> **Exercise description**: Retype the lines below exactly, but only those from the line that has "2018国际安全极客大赛的AI对抗赛道中夺得冠军。博士毕业后,庞天宇曾前往新加坡Sea AI Lab担任高级研究科学家。" through the line that has "El documento describe". Omit every picture.

> **Extracted data**:
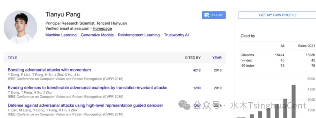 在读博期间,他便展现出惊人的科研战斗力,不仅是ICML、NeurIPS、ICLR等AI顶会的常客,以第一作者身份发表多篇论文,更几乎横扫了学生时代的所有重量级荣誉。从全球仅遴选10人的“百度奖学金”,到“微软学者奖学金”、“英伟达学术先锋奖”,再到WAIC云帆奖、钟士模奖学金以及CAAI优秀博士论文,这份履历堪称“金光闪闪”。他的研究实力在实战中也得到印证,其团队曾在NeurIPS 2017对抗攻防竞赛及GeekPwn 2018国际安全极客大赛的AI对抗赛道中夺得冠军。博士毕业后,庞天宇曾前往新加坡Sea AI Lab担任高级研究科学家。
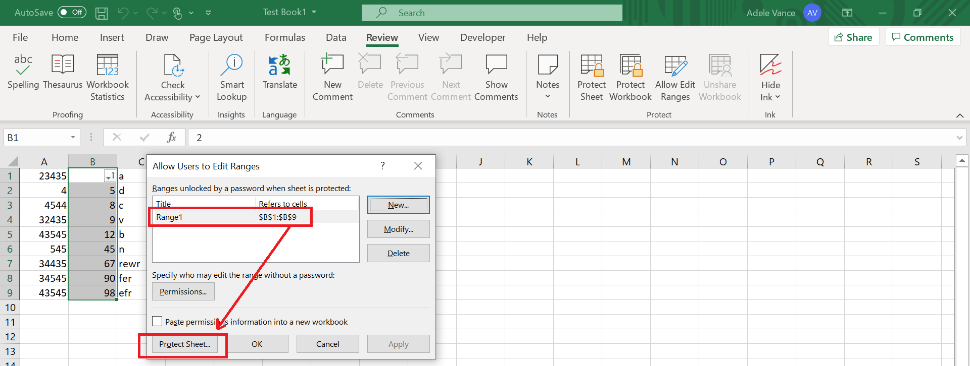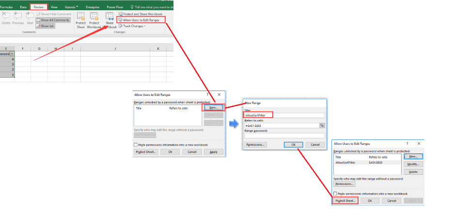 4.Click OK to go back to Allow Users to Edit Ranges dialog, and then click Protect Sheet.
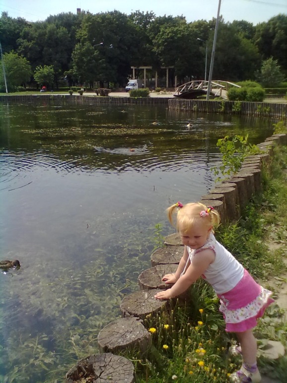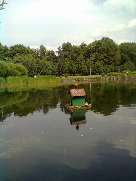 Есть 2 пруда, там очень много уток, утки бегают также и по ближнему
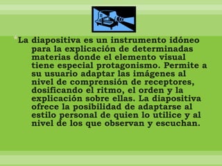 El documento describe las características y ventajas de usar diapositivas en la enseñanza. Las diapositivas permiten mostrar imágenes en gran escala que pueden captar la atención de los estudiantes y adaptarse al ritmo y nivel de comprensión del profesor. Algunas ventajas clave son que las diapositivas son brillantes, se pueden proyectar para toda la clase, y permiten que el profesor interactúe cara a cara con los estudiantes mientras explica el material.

--

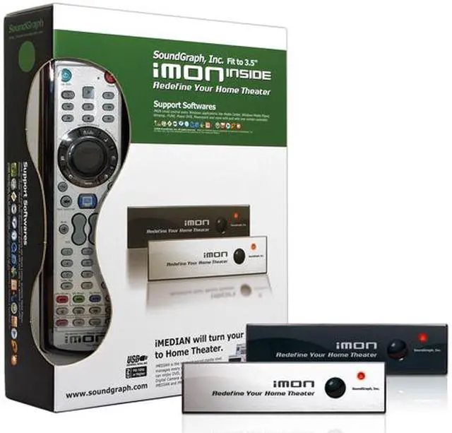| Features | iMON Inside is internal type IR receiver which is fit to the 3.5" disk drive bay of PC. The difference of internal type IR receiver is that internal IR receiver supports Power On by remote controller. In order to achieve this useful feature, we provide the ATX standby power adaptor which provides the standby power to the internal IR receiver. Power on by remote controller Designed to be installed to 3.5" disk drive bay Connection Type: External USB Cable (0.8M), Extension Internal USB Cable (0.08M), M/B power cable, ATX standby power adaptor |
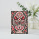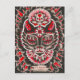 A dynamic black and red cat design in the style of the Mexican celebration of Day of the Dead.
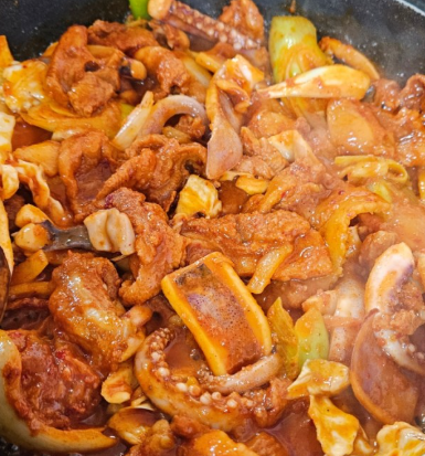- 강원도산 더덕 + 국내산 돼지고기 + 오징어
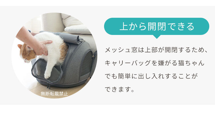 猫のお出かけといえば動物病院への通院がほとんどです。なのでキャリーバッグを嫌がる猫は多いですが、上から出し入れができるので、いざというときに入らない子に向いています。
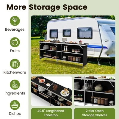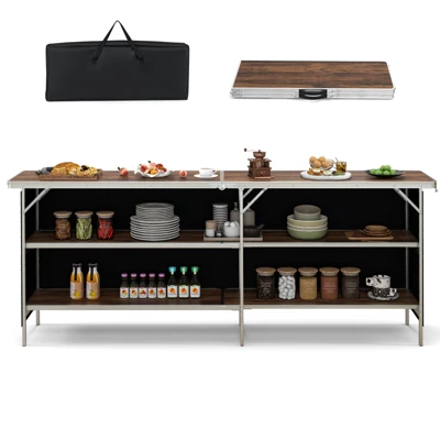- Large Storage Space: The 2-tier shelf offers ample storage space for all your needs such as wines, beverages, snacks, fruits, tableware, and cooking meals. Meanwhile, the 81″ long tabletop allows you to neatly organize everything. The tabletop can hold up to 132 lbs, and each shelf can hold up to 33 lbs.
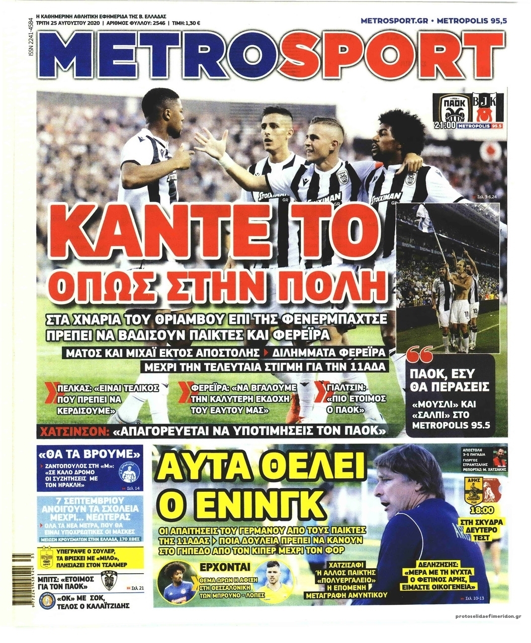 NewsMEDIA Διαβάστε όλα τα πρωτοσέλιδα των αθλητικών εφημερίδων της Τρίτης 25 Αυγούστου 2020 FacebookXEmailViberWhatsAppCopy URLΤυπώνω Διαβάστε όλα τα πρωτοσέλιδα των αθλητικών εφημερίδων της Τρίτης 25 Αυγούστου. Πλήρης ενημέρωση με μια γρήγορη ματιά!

> **Expected output**:
 在读博期间,他便展现出惊人的科研战斗力,不仅是ICML、NeurIPS、ICLR等AI顶会的常客,以第一作者身份发表多篇论文,更几乎横扫了学生时代的所有重量级荣誉。从全球仅遴选10人的“百度奖学金”,到“微软学者奖学金”、“英伟达学术先锋奖”,再到WAIC云帆奖、钟士模奖学金以及CAAI优秀博士论文,这份履历堪称“金光闪闪”。他的研究实力在实战中也得到印证,其团队曾在NeurIPS 2017对抗攻防竞赛及GeekPwn 2018国际安全极客大赛的AI对抗赛道中夺得冠军。博士毕业后,庞天宇曾前往新加坡Sea AI Lab担任高级研究科学家。
 4.Click OK to go back to Allow Users to Edit Ranges dialog, and then click Protect Sheet.
 Есть 2 пруда, там очень много уток, утки бегают также и по ближнему
 El documento describe las características y ventajas de usar diapositivas en la enseñanza. Las diapositivas permiten mostrar imágenes en gran escala que pueden captar la atención de los estudiantes y adaptarse al ritmo y nivel de comprensión del profesor. Algunas ventajas clave son que las diapositivas son brillantes, se pueden proyectar para toda la clase, y permiten que el profesor interactúe cara a cara con los estudiantes mientras explica el material.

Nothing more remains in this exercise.